MACBETH de Justin Kurzel

Título: Macbeth
Director: Justin Kurzel
Año: 2015
Guión: Jacob Koskoff, Michael Lesslie y Todd Louiso (Texto original de William Shakespeare)
Intérpretes: Michael Fassbender (Macbeth), Marion Cotillard (Lady Macbeth), Paddy Considine (Banquo), David Thewlis (Duncan), Sean Harris (Macduff), Jack Reynor (Malcolm), David Hayman (Lennox)

Las obras de Shakespeare son al cine británico lo que el Siglo de Oro al cine español, algo cíclico a lo que cada cierto tiempo se vuelve. No importa que, cada tantos años volvemos a tener en ciernes una nueva adaptación del Quijote o de Romeo y Julieta a la gran pantalla con menor o mayor acierto. Así, tras tener por estos lares extravagancias como el Titus de Anthony Hopkins, el Coriolanus de Ralph Fiennes o, en entornos menos mainstream, Mucho ruido y pocas nueces de Joss Whedon, donde el mismo pedantismo y los aires de autor mal encaminados que están destruyendo la escenografía y puesta en escena de ciertas operas está también arrastrando por el fango la memoria del gran literato y de los actores que ponen todo su empeño en respetar su legado, esperaba con ganas este Macbeth, que prometía ser una adaptación con todas las de la ley para los tiempos modernos, y que no ha defraudado en su empeño.
Y es que historias como la de Macbeth y las violentas circunstancias que se desarrollan en su camino para convertirse en rey de Escocia nunca mueren, historias sobre el precio de la ambición y sobre la sed de sangre que todos llevamos que apenas han envejecido (en cuando a la temática, no así en el lenguaje como uno puede suponer) y que tantas otras obras han inspirado a lo largo de la historia. Y aquí, Justin Kurzel se deja de idas de olla y reimaginaciones chorras (vale que el bosque de Birnam no suba a la colina de Dunsinane cómo ocurre en el texto original, que a las tres brujas se una cómo recordatorio del fatal destino que le aguarda a Macbeth el fantasma de un niño muerto en las guerras libradas por el mismo y algunas cosillas más, pero son pequeños cambios, no absurdeces cómo colocar a Coriolano y a Aufidio en el contexto de la guerra actual en Oriente Medio)  para colocar la historia en el escenario de dónde no se debe mover,la Escocia medieval. El director acomete una dirección con una fotografía cuidadísima, un filtro rojo que acompaña a los momentos claves (rojo, el color de la sangre, el color de la muerte), y una alternancia entre planos cortos y tomas largas panorámicas que hacen de la cinta un visionado de lo más agradable del cual el principal escollo a superar (aunque todo depende del tipo de espectador que uno sea) es el guión, porque si una cosa es Macbeth es una traslación del texto original de Shakespeare tal cual, con sus diálogos en inglés antiguo y todo lo que conlleva, algo que puede resultar todo un desafío, sobre todo si le sumamos el cerrado acento escocés (como debe ser) de la mayoría del plantel actoral, porque esa es otra, verla en versión doblada es casi equivalente a no sólo no verla como debe ser sino también a perderse toda la magia que transmite el leer y oír a Shakespeare y esa forma de narrar que ya se ha perdido a día de hoy.
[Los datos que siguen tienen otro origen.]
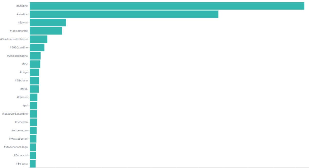 Gli argomenti più utilizzati per promuovere la loro attività in giro per l’Italia fatta di manifestazioni in piazza con concerti faraonici sono stati: #Sardine, il loro, #Salvini, il nemico giurato, #sardinecontrosalvini e riferimenti al #PD ed alle elzioni in Emilia con #bonaccini #bologna e #bibbiano in testa.

Si uno consigue pasar por encima de esto se encontrará con un Michael Fassbender que compone un Macbeth creíble en una interpretación que crece conforme se acerca el fatal desenlace, con una Marion Cotillard mediocre a más no poder, que aparte de no parecer escocesa, de no contar con un acento inglés ni ser capaz de fingirlo y de tirarse toda la película hablando en susurros, destroza el genial monólogo previo a la muerte de Lady Macbeth,  y con un plantel de secundarios con la presencia y con la dicción necesaria para interpretar a Shakespeare, de entre los cuales destacan David Thewlis, el Lupin de la saga de Harry Potter, y Sean Harris, cómo el rey Duncan y el furibundo MacDuff.
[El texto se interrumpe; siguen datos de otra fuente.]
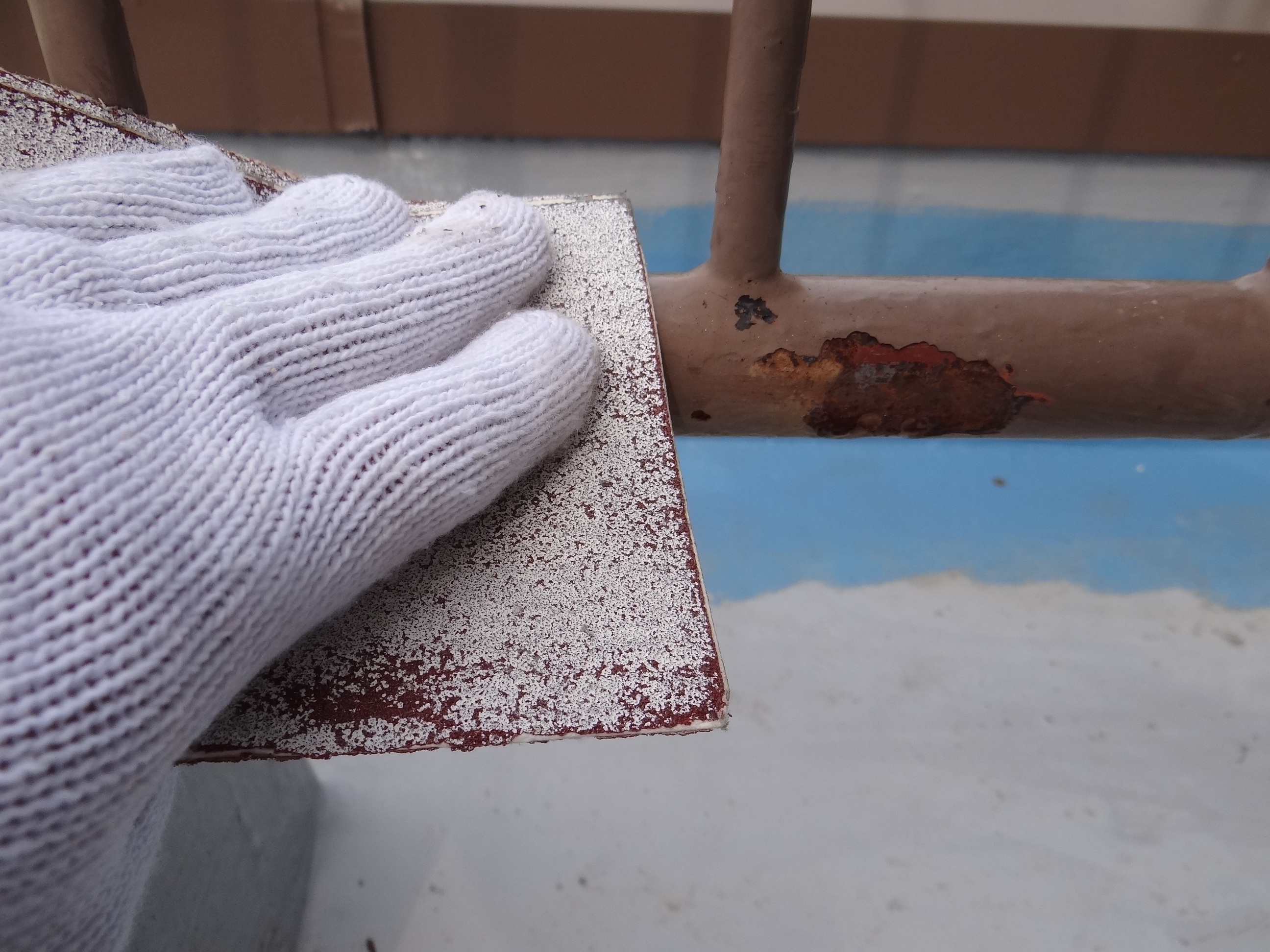 手摺の塗装。まずはケレンを行い剥離した塗膜などを剥がしたり素地調整。

Si uno junta todo esto obtiene una adaptación de Macbeth llamativa, que entra primero por los ojos por lo preciosista de su envoltura y termina de convencer por la acertada interpretación de un gran Michael Fassbender. Con sus más y sus menos, sin duda un ejemplo a seguir de cómo adaptar las obras de Shakespeare para el público actual sin caer en el despropósito.